Filing affidavit-in-opposition the respondent argued that the value of the said security was far below the actual amount due. But the petitioners did not show any bonafide or take any step to liquidate the amount due. Hence, the respondent bank considered it advisable to issue the impugned notices under sec. 9(1)(i) of the Act, 1997.
The petitioners submitted that sec. 9(1)(i) of the Act,1997 is discriminatory in its scope and is violative of Article 27 of the Bangladesh Constitution as it does not have any guideline as to who among the debtors should be proceeded against under the Act, 1997 and not under the Artha Rin Adalat Ain, 2003 (the Ain, 2003) and indebtedness to the extent of taka 5 lac is too meager to be considered as a guideline for initiating bankruptcy proceeding against a debtor by financial institution or the bank. They also contended that the Act, 1997 and the Ain, 2003 should be construed to be one legislation for the purpose of appreciating that sec. 9(1)(i) of the Act, 1997 is discriminatory. They also argued that sec. 25(2) of the Act,1997 offends against the rule of law as envisaged under the Preamble of the Constitution.
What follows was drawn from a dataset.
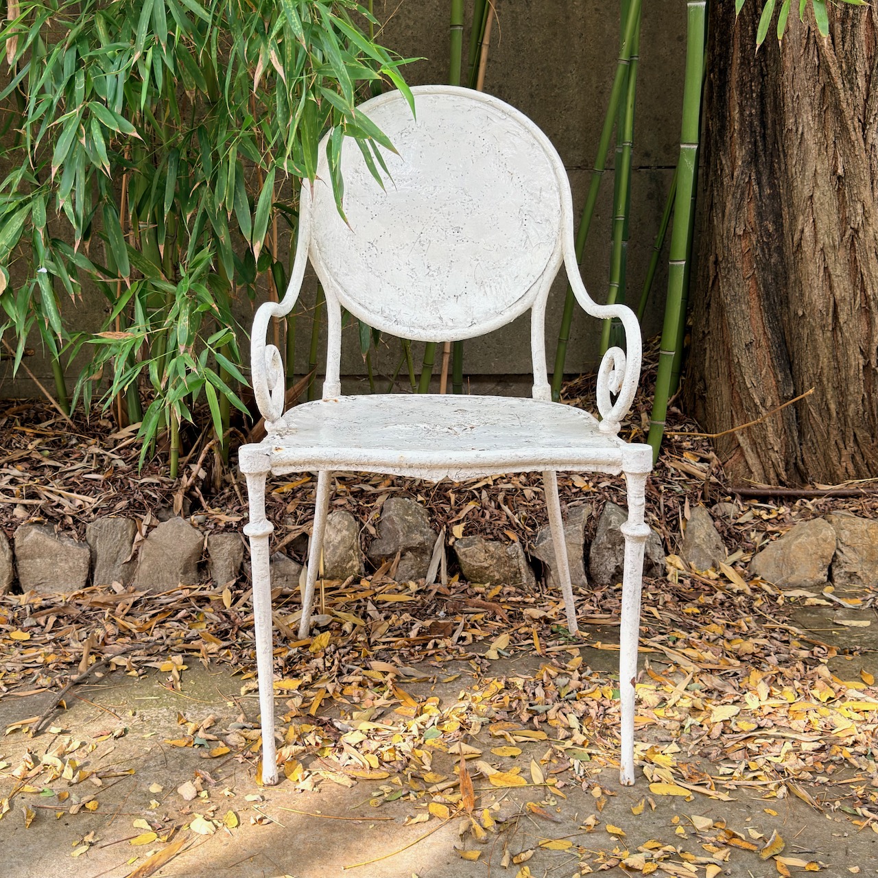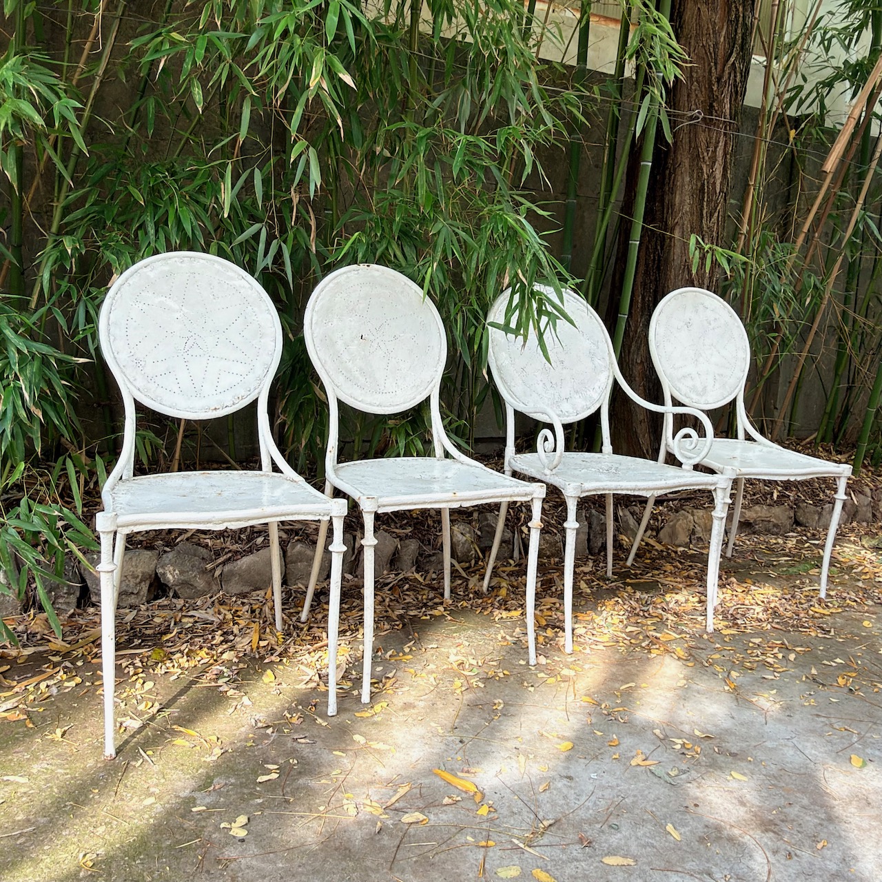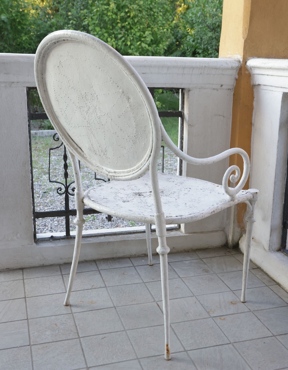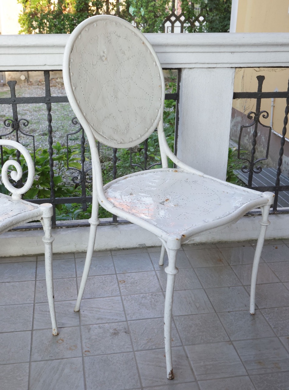 Salottino da giardino in ferro battuto laccato bianco, composto da tre sedie e una poltrona. Italia, sec. XX
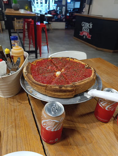 Hace unos días fui con mi familia a comer porque vimos un video sobre la pizza estilo Chicago, realmente teníamos altas expectativas y nada fue lo que esperábamos... Para empezar, no existe como tal un "servicio" llegas y tú mismo tienes que acercarte al mostrador a pedir tu pizza (bueno, eso puede ser aceptable), cuando hicimos el pedido claramente especificamos que lo queríamos sin un ingrediente, habían pasado como 40 minutos de espera y la pizza no llegaba por lo que uno de nosotros se levantó a preguntar y la persona del mostrador groseramente contesto "que no me escucharon que les dije que tardaba una hora?" Ya desde ahí me molestó muchísimo porque de las cuatro personas que fuimos, ninguna escuchamos que en algún momento nos dijeran que tardaba tanto y eso que mucha gente, no había. Pero bueeeeeno, seguimos esperando, minutos después se acercan a decirnos que se habían equivocado con el pedido y que le habían puesto el único ingrediente que pedimos no se agregara, al final nos hicieron un descuento en el total de la cuenta por el error pero lo que termino con el ya mal momento que estabamos pasando es que mientras comíamos, nos salieron chimenes en la mesa. Me parece que tienen varios detalles que solucionar entre la higiene y la mala...

The respondents argued that the Act, 1997 and the Ain, 2003 are two different legislations and cannot be considered as one legislation as they were enacted to accomplish two different objectives. With regard to sec. 25(2) they submit that this section only facilitates the Bankruptcy Court to effectively deal with the debtors and the bankruptcy proceedings to bring it to a meaningful conclusion preventing the debtor to frustrate the proceeding by wanton disposition of its assets and properties.
Sec. 9(1)(i) of the Act, 1997 is claimed to be discriminatory in operation and it lacks proper guidelines. But the court finds no force in this contention, inasmuch as there are sufficient guidelines in this legislation to classify debtors. A group of debtors can be and in fact has been classified in one group for taking action against them under the Act, 1997 leaving the rest out of the group against whom action maybe taken before the Artha Rin Adalat for the recovery of the outstanding loan amount. But as to who among the debtors having a debt to the amount of taka 5 lac or more should be grouped together as a class by applying the said guidelines for initiating bankruptcy proceeding is a matter of discretion left to the administration of the bank or the financial institution or the body of individuals or to individual himself.
The elements of discrimination have been consistently held to be offending the fundamental right i.e. all citizens to be treated as equal before law as contemplated under Article 27 of the Constitution. If the law under challenge is likely to be used or applied to produce different result as regards the persons of the same class or group. The classification to be valid must be founded on some intelligible differentia which distinguish the persons or things grouped together from others left out of the group and the differentia must have a rational relation or nexus to the object sought to be achieved by the statute in question.
In the present case, the debtors, having formed a class after applying the guidelines set out in sec. 9(1)(i), are similarly situated. Hence, there cannot be any discrimination or unequal treatment if bankruptcy proceeding is commenced against them.
Again, the court cannot subscribe the view of construing the Act, 1997 and the Ain, 2003 to be one law, as these two are different legislations and they are enacted by the legislature to attain different objectives. Sec. 9(1)(i) of the Act, 1997 is therefore, held to be a valid legislation.
The court, therefore, does not find any reason to sustain the Rule and the Rule is discharged.